[Exercise goal] Using the entries below, copy exactly each line from the line with "14 Ayar Altın Taşlı Yonca Kolye Ucu." up to and including the line with "韩会林为侄女韩青梅、侄儿韩青松缝补衣物。图片来源:山西文明网", with every picture left out.

Source data:

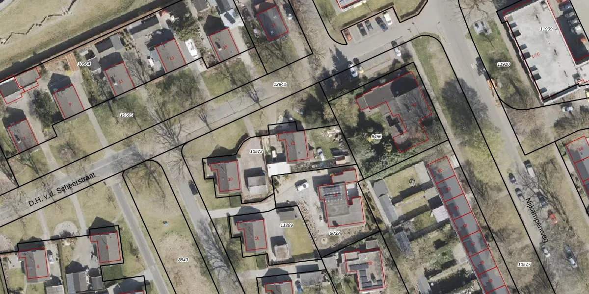 Het perceel waarop D.H. v.d. Scheerstraat 12 staat heeft een oppervlakte van 757 m². Dit is een groot perceel. De perceeloppervlakte wordt geregistreerd door het Kadaster. Gedetailleerde informatie over de maten van dit perceel kunt u vinden in het rapport Kadastrale kaart met maatvoering van D.H. v.d. Scheerstraat 12.
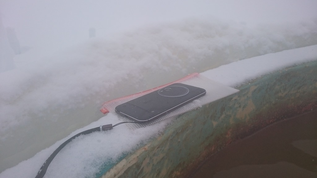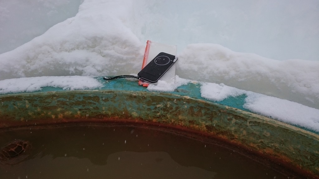 極寒與惡劣氣候下手機掛點是很正常的...在然別湖冰上溫泉拍照的時候其實環境真的很惡劣...好冷、天空中還繼續飄著雪...然後還有冷風呼呼吹...XD
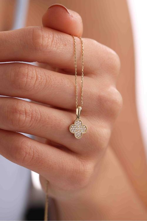 14 Ayar Altın Taşlı Yonca Kolye Ucu.
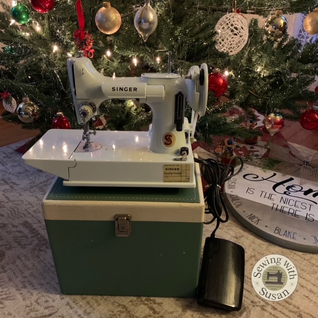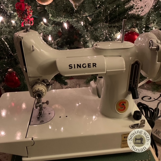 My original quilt design had a black sewing machine, but for Christmas a few days ago I received the most beautiful Featherweight machine that I’ve seen to date from my DH. When choosing fabric I decided to make this quilt block to commemorate my newest Featherweight machine.
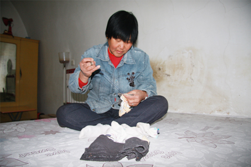 韩会林为侄女韩青梅、侄儿韩青松缝补衣物。图片来源:山西文明网
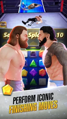 Osvojite ring u jedinstvenom puzzle sustavu borbe gdje svaki potez broji. Spojite tri dragulja kako biste oslobodili razorne napade i primijenili prepoznatljive završne poteze poput Stone Cold Stunnera, Rock Bottoma ili Styles Clasha. Svaka bitka nudi taktičku dubinu: prilagodite sposobnosti svojih superzvijezda, unajmite trenere za poboljšanje njihovih vještina i strateški odaberite razred borca – bilo da su to Tehničari, Napadači ili drugi – kako biste prevarili svoje protivnike. Napredujte kroz mečeve, skupljajte iskustvo i neprestano usavršavajte svoj tim za natjecateljske dvoboje u svijetu sportske zabave.
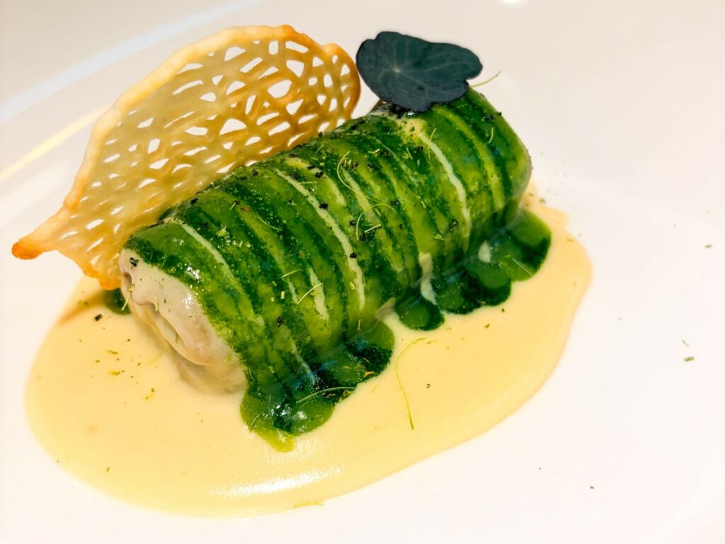 Questa tensione continua tra memoria e reinterpretazioni contemporanee si riflette anche nella struttura della proposta, articolata in due percorsi di degustazione: uno più legato alla tradizione e uno di impronta più attuale. Due traiettorie distinte ma comunicanti, dalle quali è possibile attingere liberamente, a la carte, per costruire un’esperienza personale e coerente. È all’interno di questo impianto che è possibile trovare piatti ben eseguiti e incisivi, come i Maccheroncini mantecati al burro acido, fondo bruno
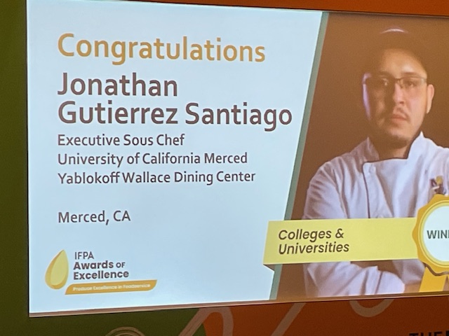 First, we proudly received a Silver Award at the National Association of College and University Food Services (NACUFS) National Conference. This accolade celebrates our excellence in Outreach and Education. Additionally, Chef Jonathan was honored with the Produce Excellence Award at the International Fresh Produce Association (IFPA) Conference in Monterey. His recognition marks our second successful nomination with the IFPA, following last year’s win by Chef Santana Diaz of UC Davis Health for Produce Excellence in Hospitals.
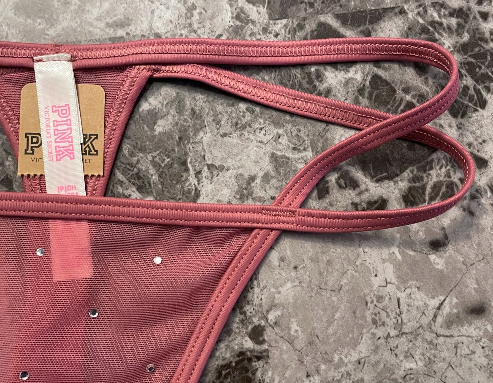 NWT VICTORIA'S SECRET PINK MESH RHINESTONE DOUBLE STRAPPY SIDE THONG PANTIES
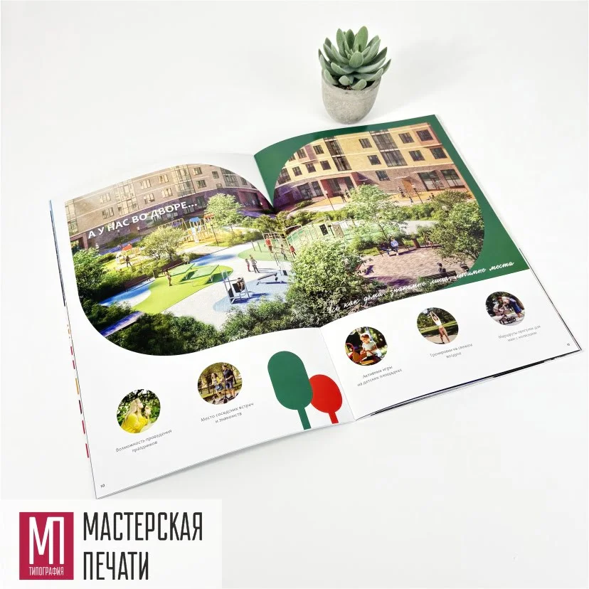 Изготовить каталоги для ЖК "Семейный квартал" высочайшего уровня — с безупречной цветопередачей, премиальными материалами и сложной постпечатной отделкой. До обращения к нам заказчик уже пробовал печатать в столичных типографиях, но результат не прошёл строгий внутренний контроль.
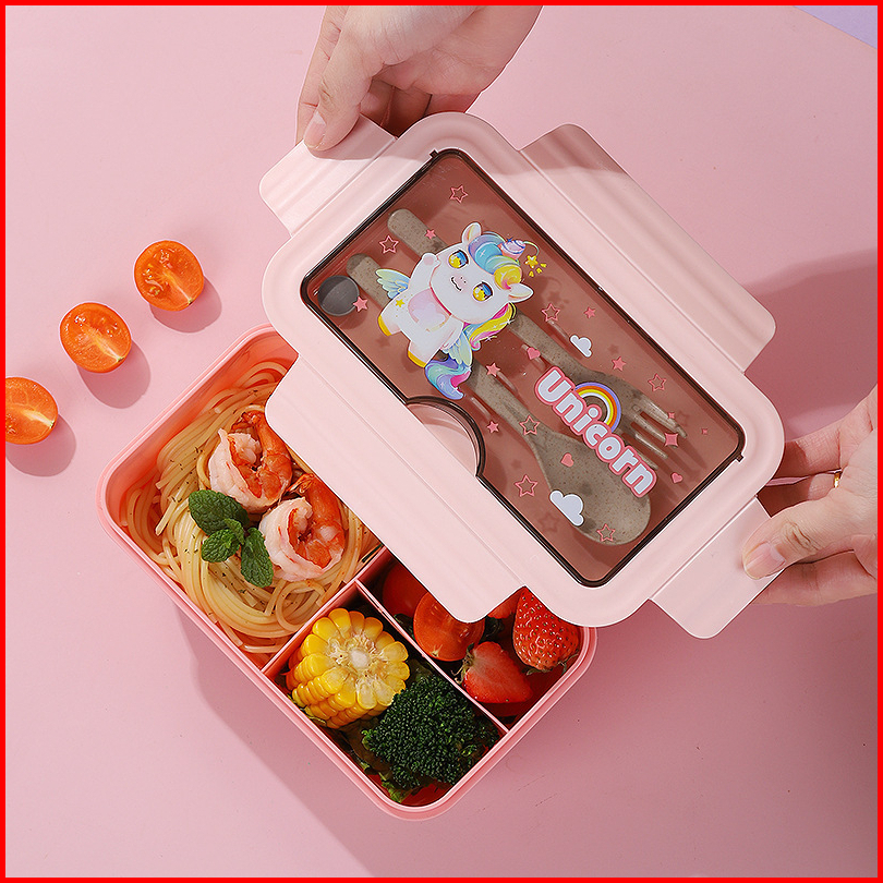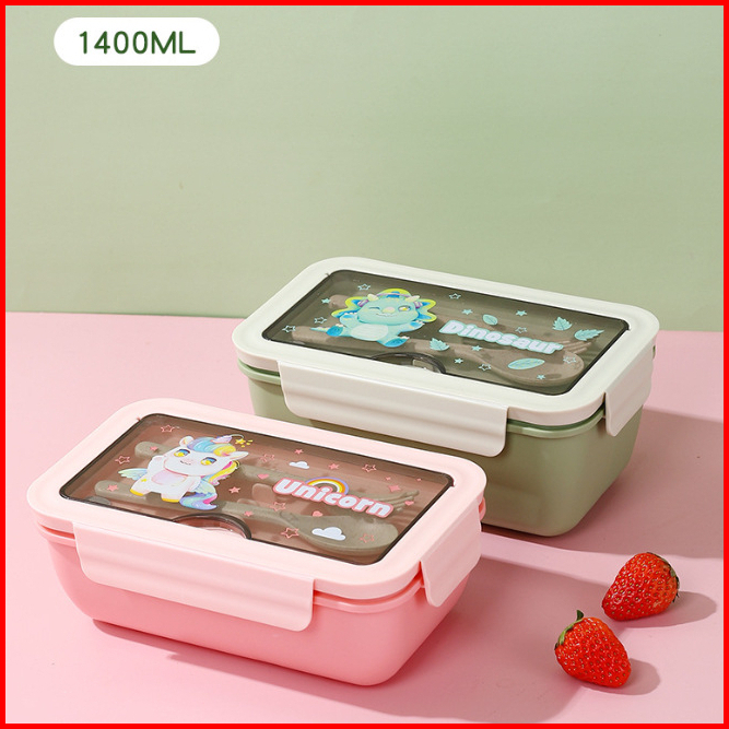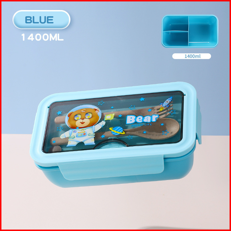 New Lunch Box Kotak Bekal 3 Sekat Karakter Lucu Kapasitas 1400ml Free Sendok Garpu 51712
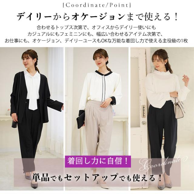 ■着用感:ちょうどいい、■着丈:ヒップ半分、■バスト:-、■腕回り:-、■袖口:-、■袖丈:-、首回り-、■ウエスト:ちょうどいい、■ヒップ:ちょうどいい、■太もも:ちょうどいい ●脚長効果が高く嬉しいです。とっても綺麗なシルエットで気に入りました。

[Reply]
 14 Ayar Altın Taşlı Yonca Kolye Ucu.
 My original quilt design had a black sewing machine, but for Christmas a few days ago I received the most beautiful Featherweight machine that I’ve seen to date from my DH. When choosing fabric I decided to make this quilt block to commemorate my newest Featherweight machine.
 韩会林为侄女韩青梅、侄儿韩青松缝补衣物。图片来源:山西文明网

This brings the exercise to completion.